**DATA SUPPLIED**.
□ □ □ □

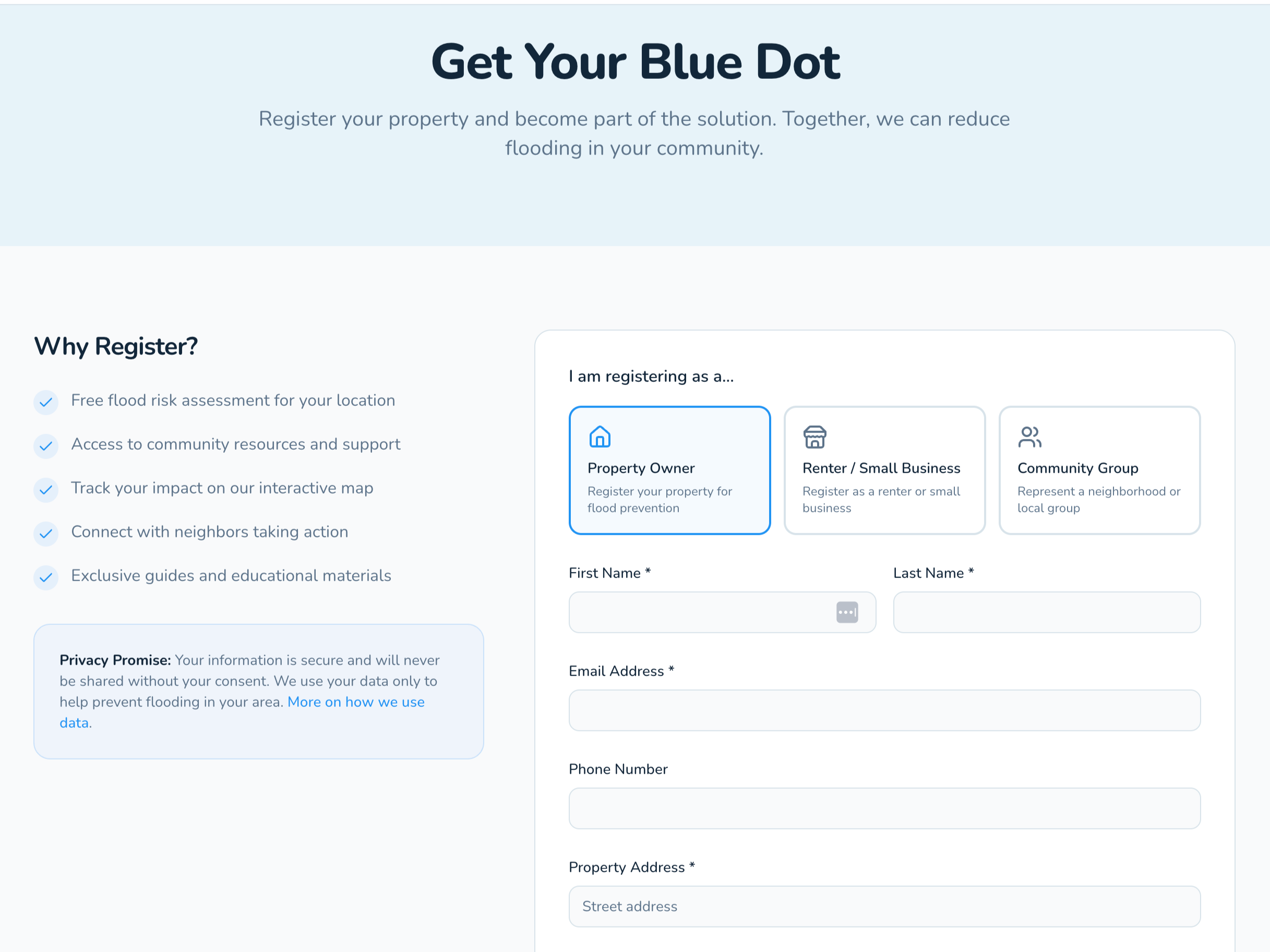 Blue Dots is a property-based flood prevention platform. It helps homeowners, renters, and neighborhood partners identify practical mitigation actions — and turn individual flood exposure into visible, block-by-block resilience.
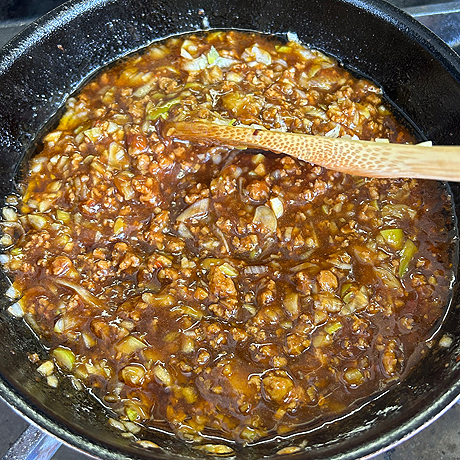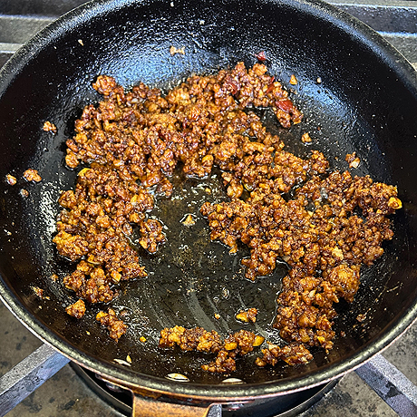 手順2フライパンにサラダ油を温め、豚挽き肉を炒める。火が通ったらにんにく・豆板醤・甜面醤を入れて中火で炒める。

□ □ □ □

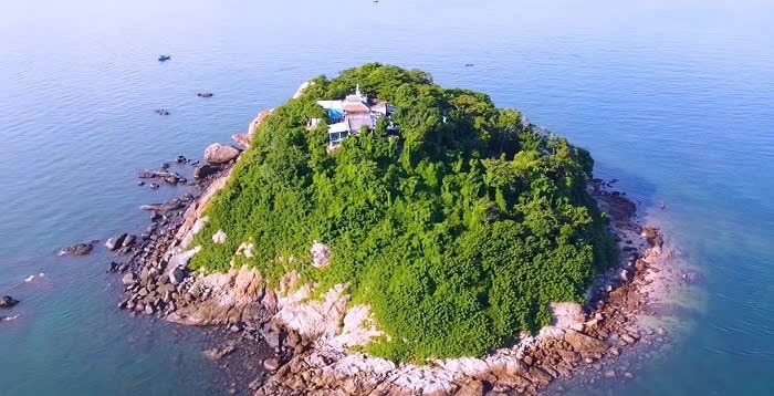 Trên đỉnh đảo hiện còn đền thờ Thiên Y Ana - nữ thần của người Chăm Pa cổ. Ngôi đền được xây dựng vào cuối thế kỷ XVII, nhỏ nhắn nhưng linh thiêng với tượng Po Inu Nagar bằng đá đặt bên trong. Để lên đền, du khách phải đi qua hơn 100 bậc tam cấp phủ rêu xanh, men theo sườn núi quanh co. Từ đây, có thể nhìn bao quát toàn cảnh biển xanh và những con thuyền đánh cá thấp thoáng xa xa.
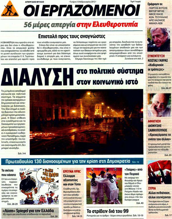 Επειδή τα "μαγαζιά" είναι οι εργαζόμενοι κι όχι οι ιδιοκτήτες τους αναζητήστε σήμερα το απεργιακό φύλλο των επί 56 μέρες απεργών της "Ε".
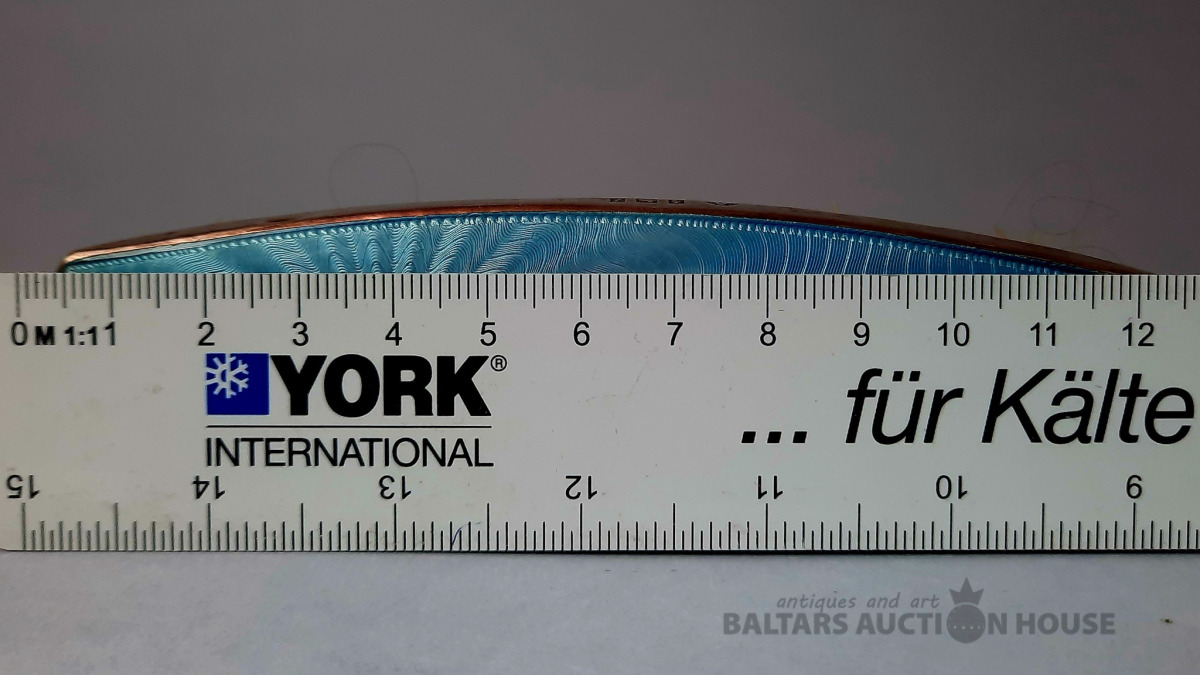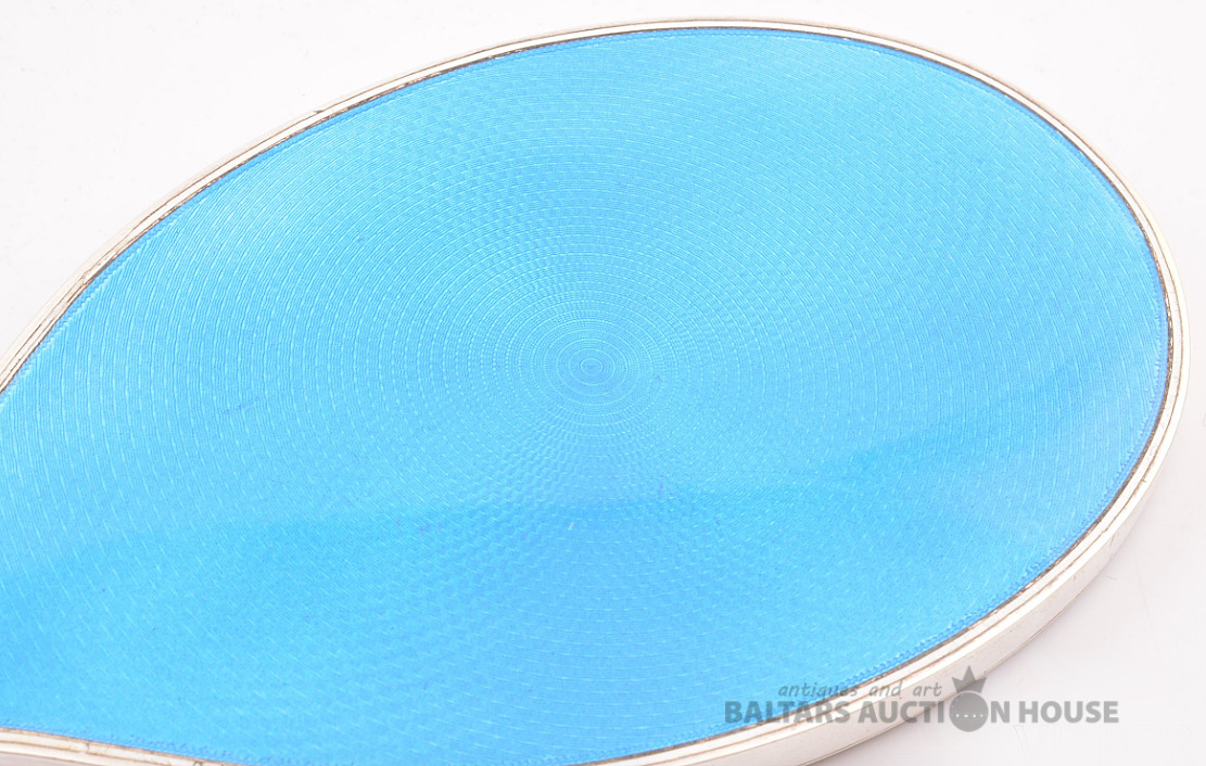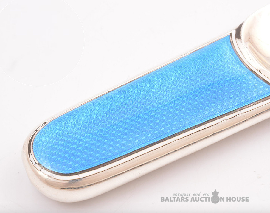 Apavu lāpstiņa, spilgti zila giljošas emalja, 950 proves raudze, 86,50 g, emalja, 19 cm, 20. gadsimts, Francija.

□ □ □ □

**AIM OF THE TASK**. From the data above, return only the lines starting at the line that holds "Blue Dots is" and ending at the line that holds "手順2フライパンにサラダ油を", word for word and without pictures.

**RESPONSE TO THIS EXERCISE**.
 Blue Dots is a property-based flood prevention platform. It helps homeowners, renters, and neighborhood partners identify practical mitigation actions — and turn individual flood exposure into visible, block-by-block resilience.
 手順2フライパンにサラダ油を温め、豚挽き肉を炒める。火が通ったらにんにく・豆板醤・甜面醤を入れて中火で炒める。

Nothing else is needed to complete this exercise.